Web Scraping with Playwright

Learn everythign you need to know about web scraping with Playwright

Web scraping Playwright image

Web scraping has become an essential technique for extracting valuable data from the vast expanse of the internet. Whether for market research, competitive analysis, or feeding data-hungry machine learning models, the ability to efficiently gather and process web data is a game-changer.

Across the top five marketing journals, the share of web data-based publications has more than tripled, rising from about 4% in 2010 to 15% in 2020. This surge, illustrated by a significant trend line, underscores the increasing reliance on web scraping, which accounts for 59% of these publications.


What is Playwright?

Playwright is an open-source web automation library developed by Microsoft. With this library, developers can automate browsers such as Chrome, Firefox, and WebKit, making it perfect for scraping tasks involving complex and dynamic web pages.

Key Features of Playwright:

  • Cross-Browser Support: Playwright has the power to operate in all major browsers, like Chromium, Firefox, and WebKit. Therefore, this will let you run your scraping scripts on different environments.
  • Headless Browsing: Run your scripts without launching a browser UI; it’s faster and lighter.
  • Automatic Waiting: Playwright intelligently waits for elements during actions. It minimizes the need for manual sleep calls.

Setting Up Playwright

Here’s how to set up Playwright:

Create a New Project:

mkdir playwright-scraping
cd playwright-scraping
npm init -y

Install Playwright:

npm install playwright

Install Browsers:

npx playwright install

This command installs the necessary browser binaries for Chromium, Firefox, and WebKit.


Basic Web Scraping with Playwright

Let’s start with a simple example: scraping the titles of articles from a news website.

script.js

const { chromium } = require(“playwright”);

(async () => {
const browser = await chromium.launch({ headless: true });
const page = await browser.newPage();
await page.goto("https://news.ycombinator.com/");

const titles = await page.$$eval(".titleline > a", (links) =>
links.map((link) => link.textContent.trim())
);

console.log(titles);
await browser.close();
})();

Run the Script: Execute the script with node script.js.

This script navigates to the website and extracts the titles of the top articles.

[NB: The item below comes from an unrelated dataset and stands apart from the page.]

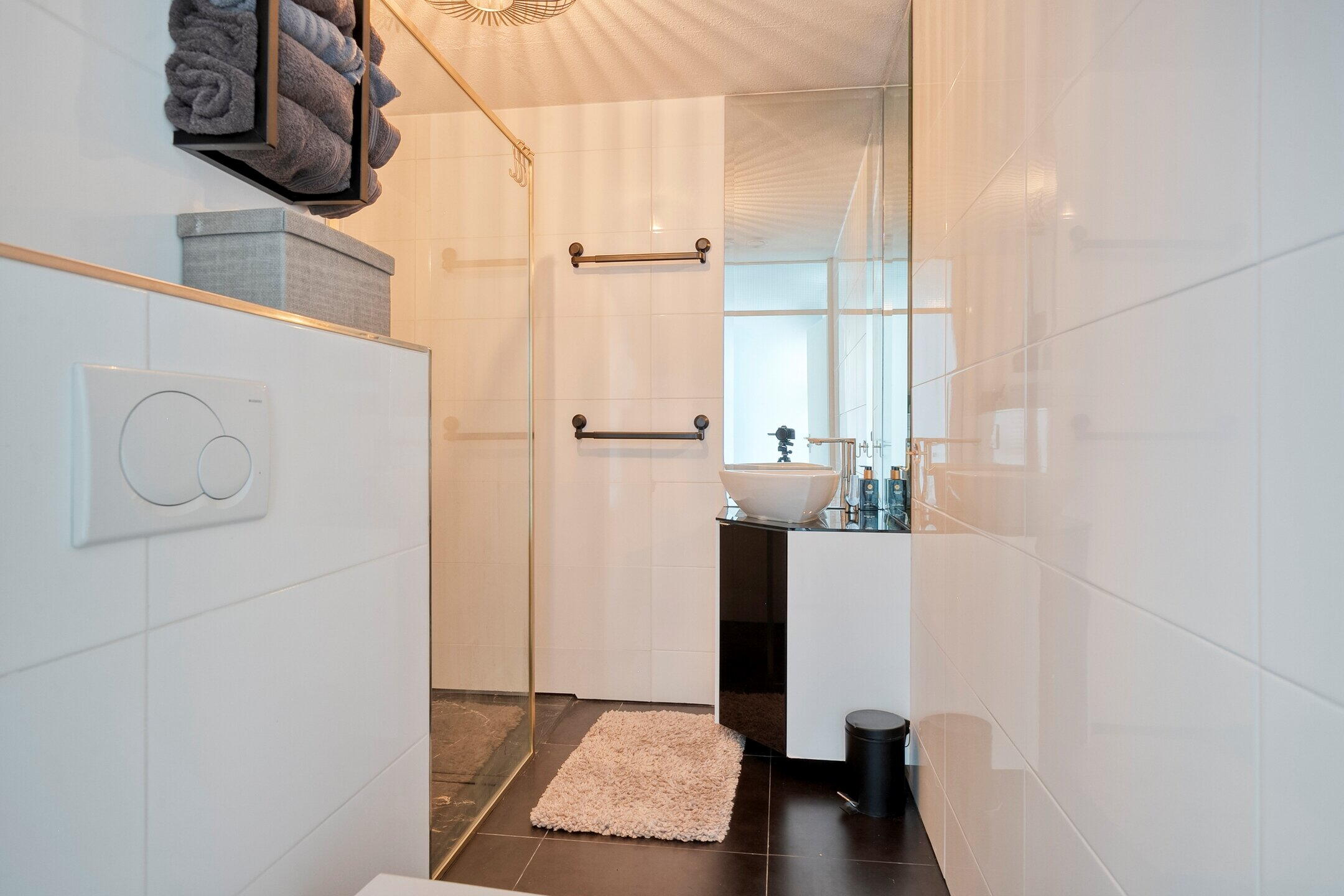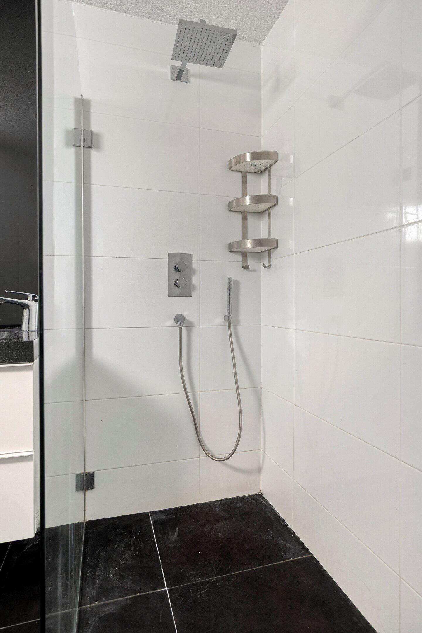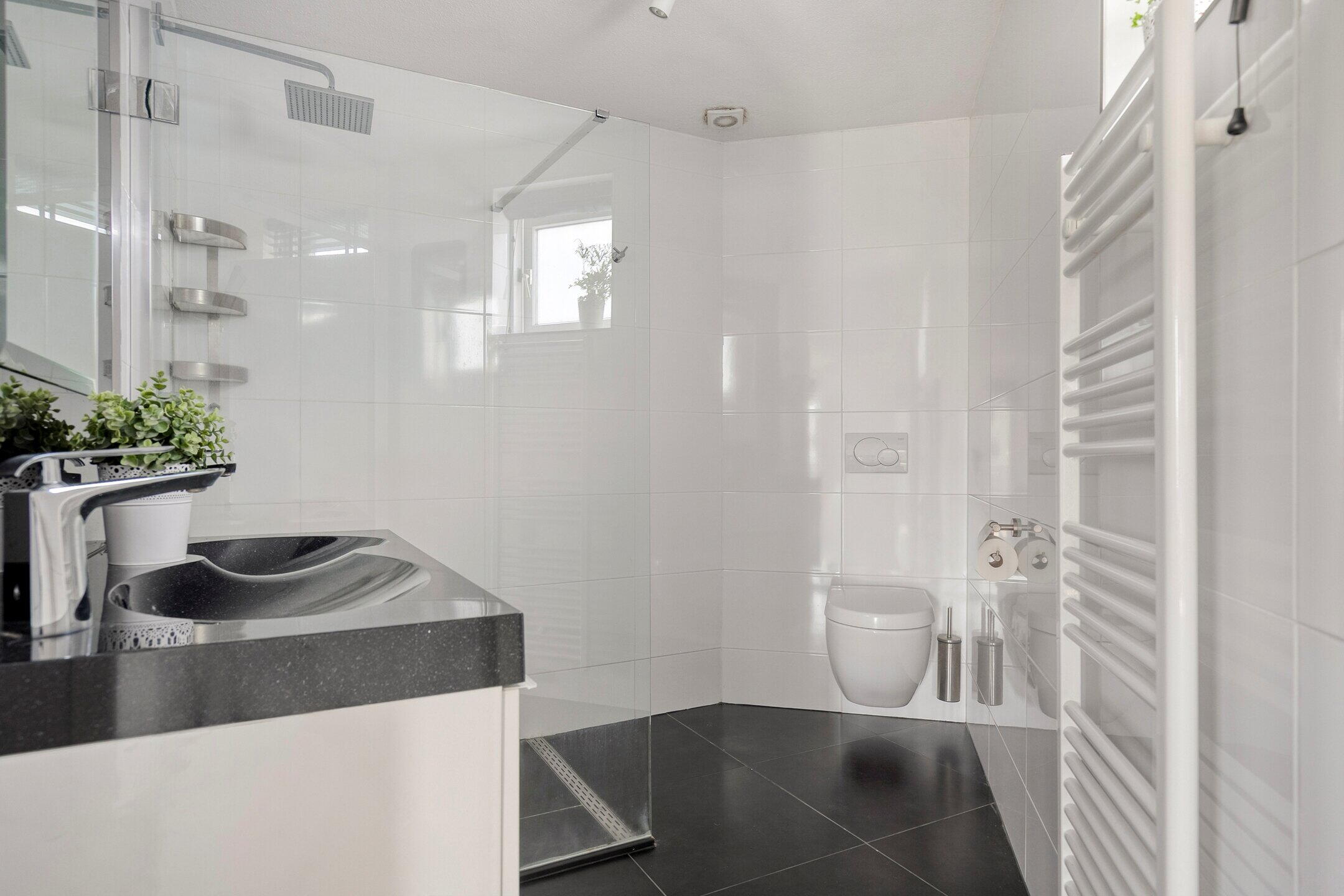 - Toilet, dubbele wasbak, wastafelmeubel, walk in douche

Let’s go through this code step by step:

Importing Playwright:

const { chromium } = require("playwright");

First, import the chromium module from Playwright.

Launching the browser:

const browser = await chromium.launch({ headless: true });

We launch a Chromium browser instance.

The { headless: true } option runs the browser without a visible UI, which is faster and uses fewer resources.

Creating a new page:

const page = await browser.newPage();

This creates a new page (tab) in our browser instance.

Navigating to the target website:

await page.goto("https://news.ycombinator.com/");

Scraping the titles:

const titles = await page.$$eval(".titleline > a", (links) =>
links.map((link) => link.textContent.trim())
);

page.$$eval() is a powerful method that combines selecting elements and evaluating a function in the page context.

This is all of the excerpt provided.